Después del tradicional desfile de los atletas participantes, los discursos y el izado de la bandera olímpica, llegó el momento más esperado. La forma de encender el pebetero era el secreto mejor guardado y estuvo a la altura, nunca mejor dicho. Cuando el último relevista de la antorcha fue alzado hasta lo más alto del estadio y comenzó su vuelta triunfal corriendo por el aire, el público entró en éxtasis. Sin duda será ésta la imagen que perdure en nuestras retinas.
España se estrenó con una medalla de oro en el primer día de competición, algo que nunca se había conseguido en unos Juegos. Fue para Samuel Sánchez, el menos conocido del dream team del ciclismo español.

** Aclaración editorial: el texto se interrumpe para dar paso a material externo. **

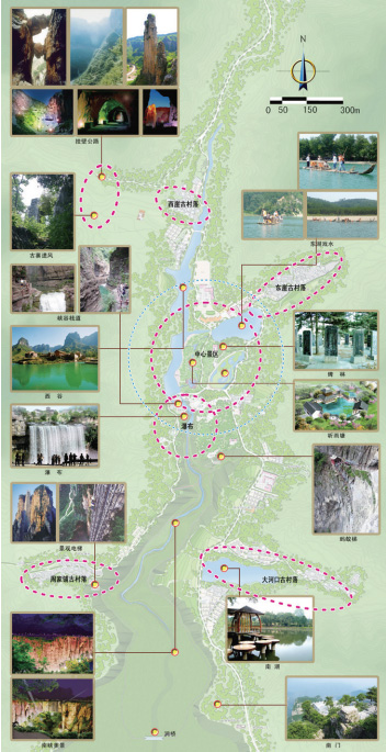 規(guī)劃合理解決了新農(nóng)村建設(shè)和旅游開發(fā)的矛盾,協(xié)調(diào)了錫崖溝村與景區(qū)之間的利益沖突,為錫崖溝風(fēng)景區(qū)和村莊建設(shè)繪制了美好的發(fā)展藍(lán)圖。規(guī)劃提出了“錫崖溝:鬼斧神工、太行天坑、世外桃源、現(xiàn)代愚公”的主題形象定位,根據(jù)旅游區(qū)資源和開發(fā)現(xiàn)狀,充分考慮旅游區(qū)功能完善和旅游發(fā)展的需要,將錫崖溝風(fēng)景區(qū)規(guī)劃為太行古村、南峽美景、南湖戲水、錫崖大瀑布、桃花塢、東湖親水、西谷觀景、古寨遺風(fēng)、北掛奇觀、北入口景觀、南入口服務(wù)區(qū)十一個(gè)功能分區(qū)。
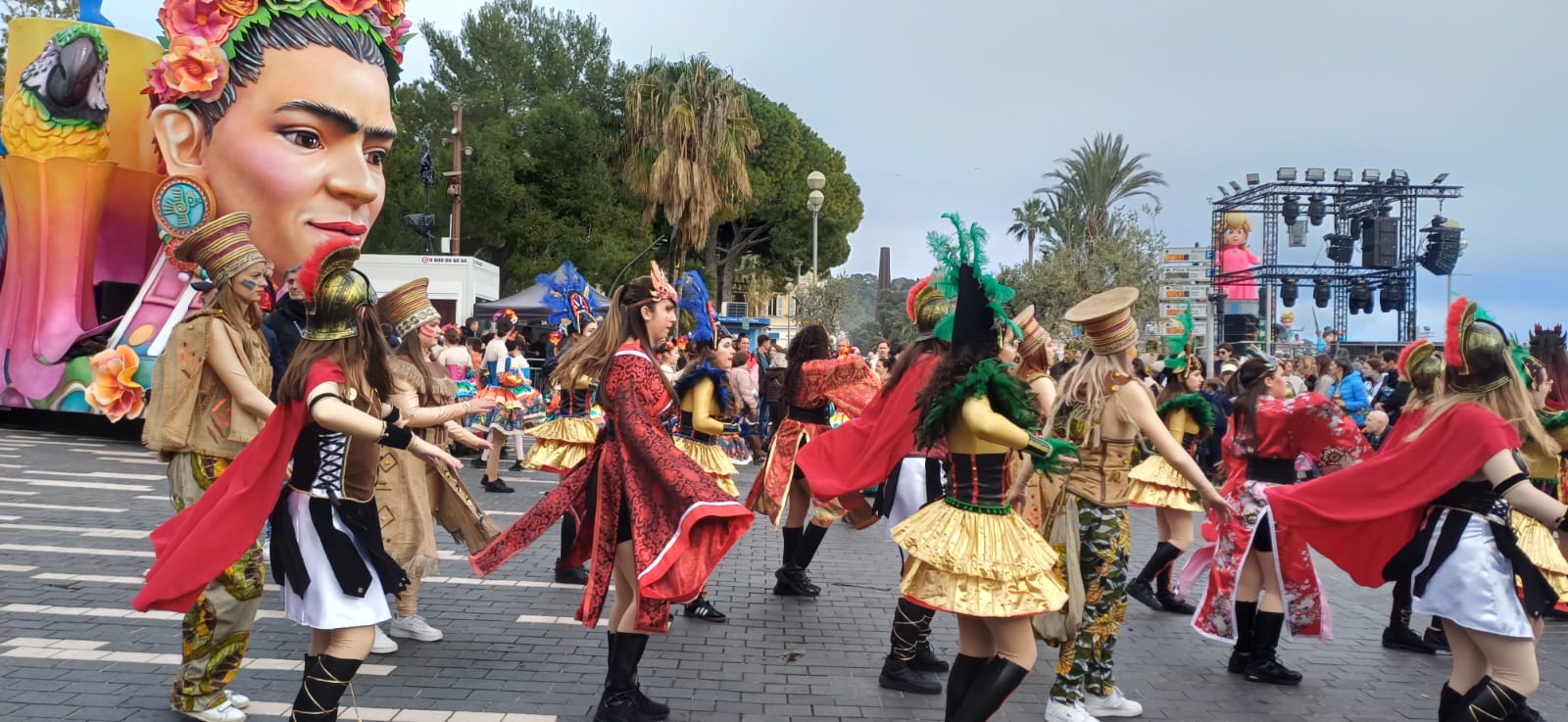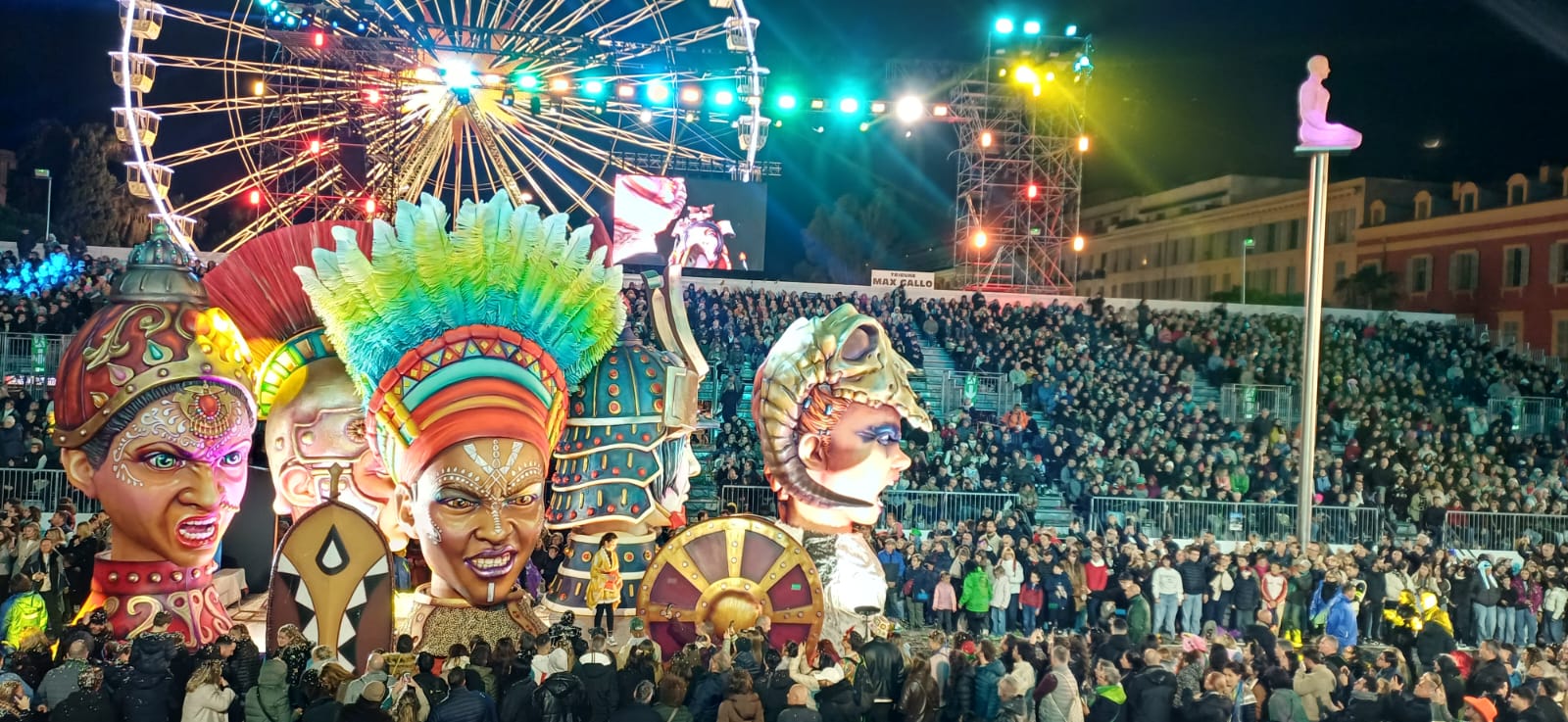 Les tribunes affichent complet de 20h30 à 22 heures, dès le samedi 14 février pour des places payantes en tribune mais gratuites si on arrive sur place avec un déguisement complet. Et l’on chante et on danse dans les tribunes, aux sons de tubes connus, on lance des confettis sur son voisin, on fait voler des ballons de couleurs d’une rangée à l’autre, une gaité partagée. « It’s fabulous » me dira une Écossaise désormais installée à Nice après un coup de cœur pour cette ville. « Les couleurs sont magiques » diront deux jeunes étudiants argentins qui se destinent à l’enseignement du français dans leur pays. Ils sont venus à Nice pour vivre une expérience carnavalesque française qu’il trouve bien différente du Carnaval en Argentine, notamment pour la programmation musicale en accompagnement des cortèges.
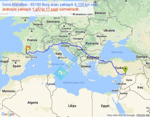 İnönü Mahallesi - 65190 Burg arası yaklaşık olarak 90 km/h ile yukarıda belirtilen sürede olup, iki yerin kuş uçuşu uzaklığı (mesafesi) 3186'dir. Eğer belirtilen yerler arasında uçak seferi var ise bu süre uçakla 4 saat 54 dakika'ya kadar düşebilir. Yolculuk otobüsle 2 gün 5 saat sürmektedir.
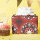 En vacker röd bakgrund omgiven av bubblor och snöflingor i popkonst stil
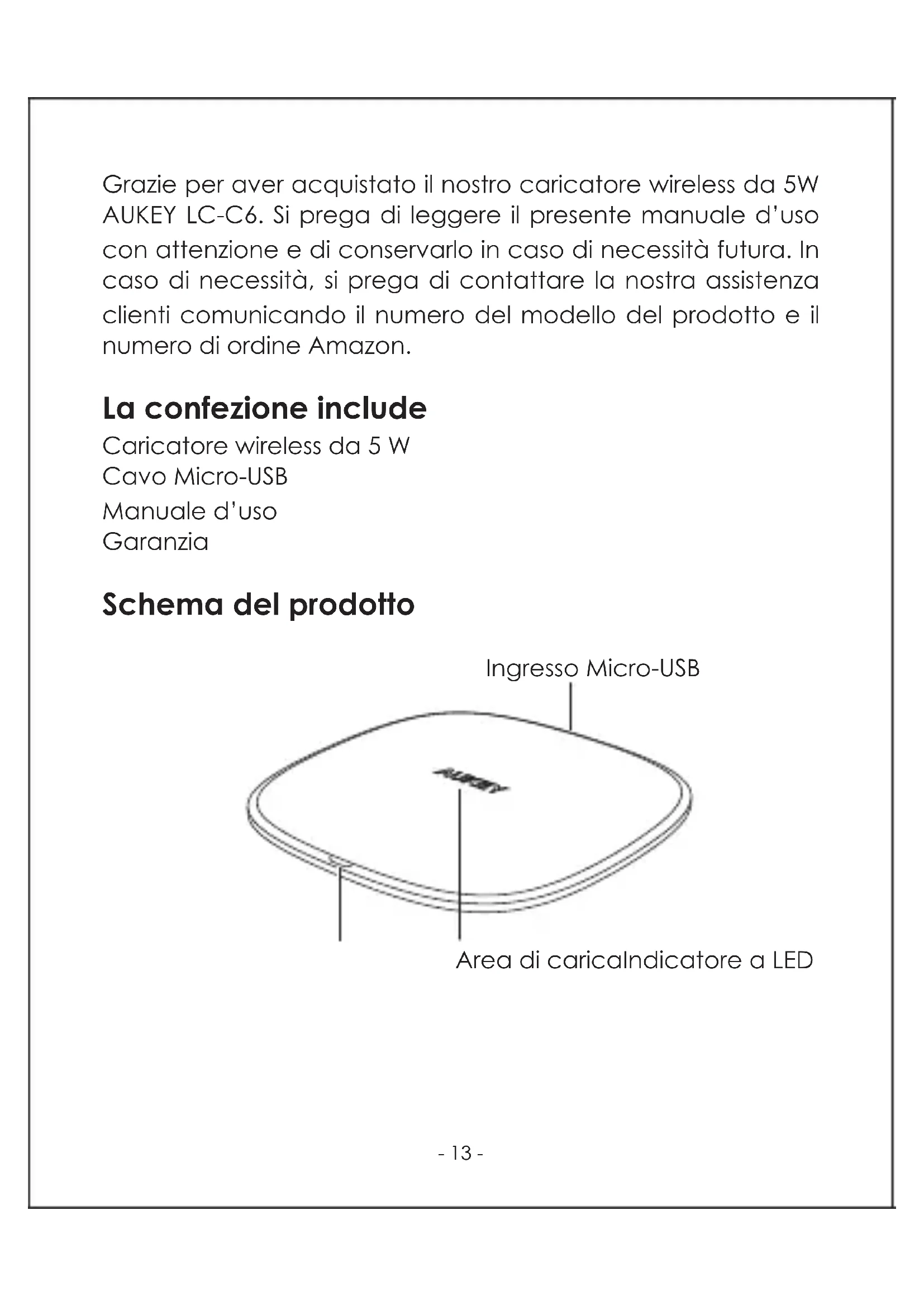 Cuidados del producto Indicador LED Indicador Verde Rojo Parpadeo rojo Estado Cargando / carga completada Modo de espera Error de carga- 13 - Grazie per aver acquistato il nostro caricatore wireless da 5W AUKEY LC-C6. Si prega di leggere il presente manuale d’uso con attenzione e di conservarlo in caso di necessità futura. In caso di necessità, si prega di contattare la nostra assistenza clienti comunicando il numero del modello del prodotto e il numero di ordine Amazon. La confezione include Caricatore wireless da 5 W Cavo Micro-USB Manuale d’uso Garanzia Schema del prodotto Ingresso Micro-USB Area di caricaIndicatore a LED- 14 - Collegare il prodotto LC-C6 ad una presa a muro con un caricatore USB a parete (non incluso) e il cavo micro-USB incluso. L’indicatore a LED si illuminerà di rosso. Posizionare il proprio smartphone, compatibile con la tecnologia Qi, sul caricatore wireless. L’indicatore a LED si illuminerà di colore verde e lo smartphone caricherà alla velocità standard. Carica wireless per gli smartphone che non supportano questa modalità di ricarica Per caricare smartphone che non supportano una carica wireless, è necessario utilizzare un ricevitore di carica wireless (non incluso).

Espero que este triunfo no se vea empañado por el positivo por EPO de la ciclista española Maribel Moreno, que bien se podía haber quedado en su casa y haber dejado su plaza a algún deportista de verdad.
Parece que las aspiraciones españolas de superar las 22 medallas de Barcelona se pueden cumplir si sigue la racha, porque el segundo día conseguimos la segunda medalla. El bronce de José Luis Abajo "Pirri" en espada bate dos marcas a la vez: es la primera medalla olímpica española en esgrima (curiosamente, el único deporte olímpico que tiene su origen en nuestro país) y es la medalla número 100 de España en todas sus participaciones en los Juegos.
Los Juegos de Pekín acaban de comenzar y aún hay mucho que ver y disfrutar. El nadador de EEUU Michael Phelps va camino de superar las siete medallas de oro ganadas por el legendario Mark Spitz en Múnich 72 (ya lleva dos). El gimnasta español Gervasio Deferr puede ganar su tercer oro, aunque en esta ocasión tendrá que ser en suelo y no en salto. Y, por supuesto, esperamos mucho de Nadal en tenis, de Gasol y los suyos en baloncesto, y de tantos otros.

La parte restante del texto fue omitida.